Feature Selection: Selects a subset of features that are most predictive of the target. The goal of this stage is to reduce the number of features used in the later pipeline stages, especially during the model tuning stage to speed up the pipeline without degrading predictive accuracy.
Model Tuning: Aims at increasing individual algorithm model quality based on the selected metric for each of the shortlisted algorithms.
Feature Prediction Impact: This is the final stage in the AutoML UI pipeline. Here, the impact of each input column on the predictions of the final tuned model is computed. The computed prediction impact provides insights into the behaviour of the tuned AutoML model.

Tuesday, 21 February 2023

Natural what now - NLP

“A different language is a different vision of life.”

Federico Fellini

I realised in my last blog, I didn't really provide enough description as to what NLP is or its history. So a quick blog to fill the readers in :)

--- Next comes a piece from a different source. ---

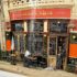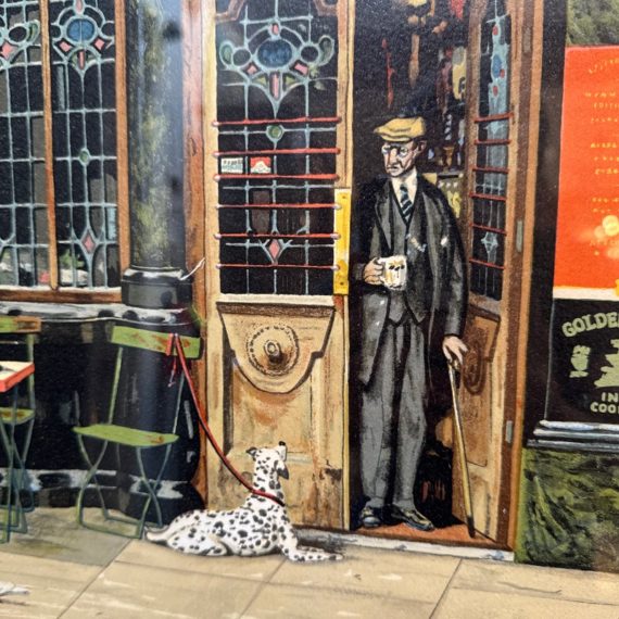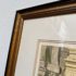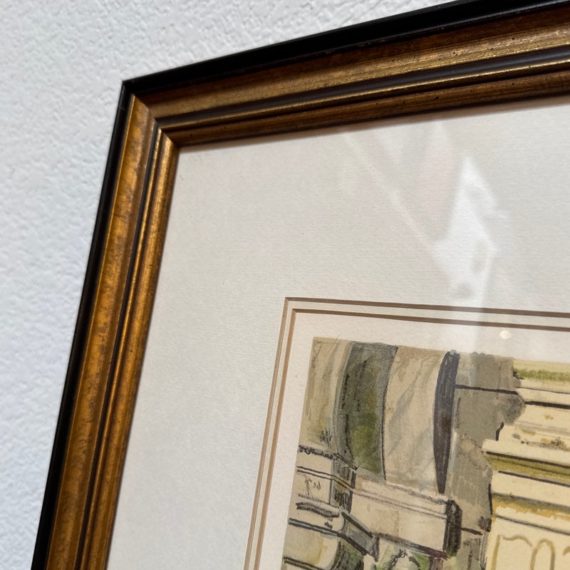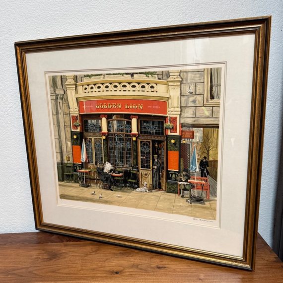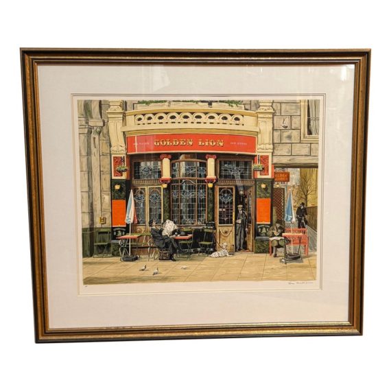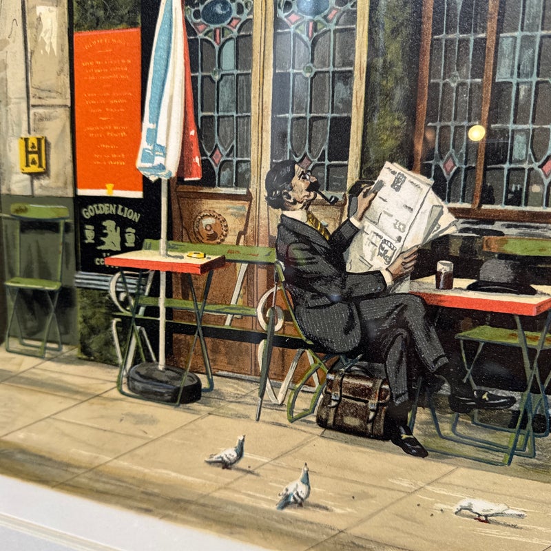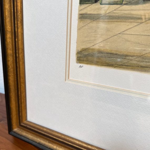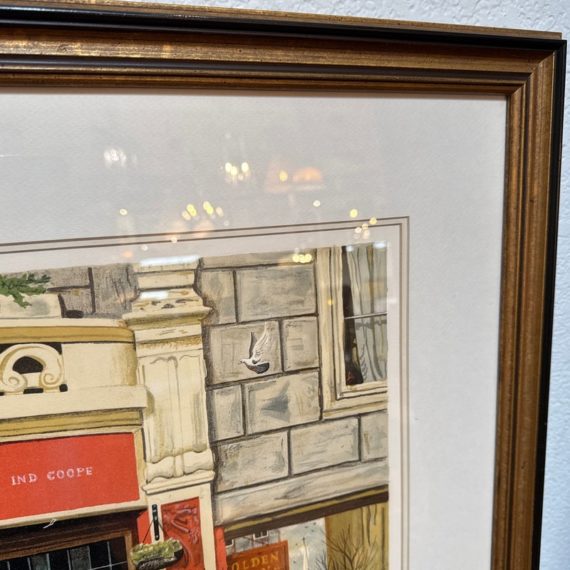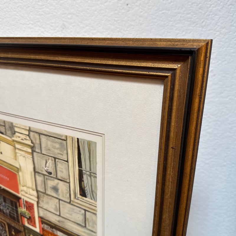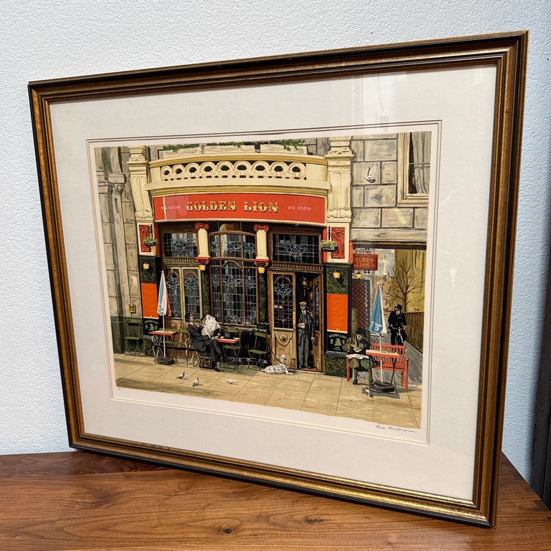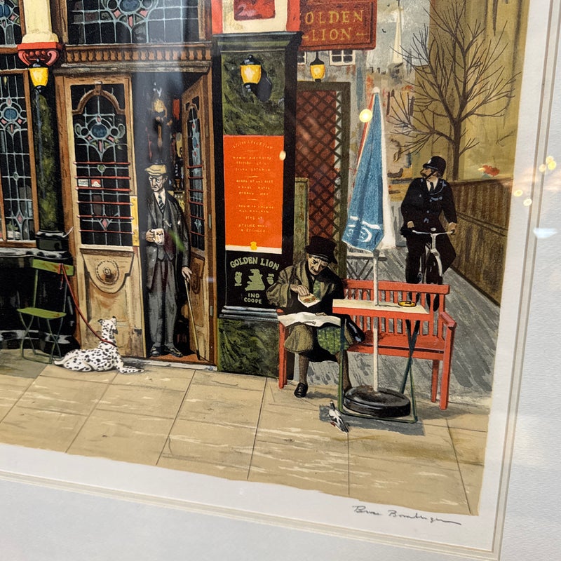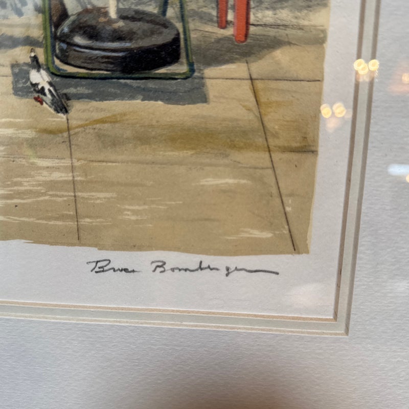 Design Plus Gallery presents Golden Lion, an artist print by Bruce Bomberger. The beautiful illustration captures a quiet moment in time, a sidewalk view complete with pets and pigeons. Professionally matted and framed, signed by artist on lower right. Little wear; condition is good for age and use.

Natural language processing (NLP) is a field of artificial intelligence and computer science that focuses on enabling computers to process, understand, and generate human language. It can be rule based or involve a number of complex algorithms. The tasks can be things like translation to extraction of specific items or grouping themes together. In the real world there are many applications to NLP from chat bots to virtual assistants.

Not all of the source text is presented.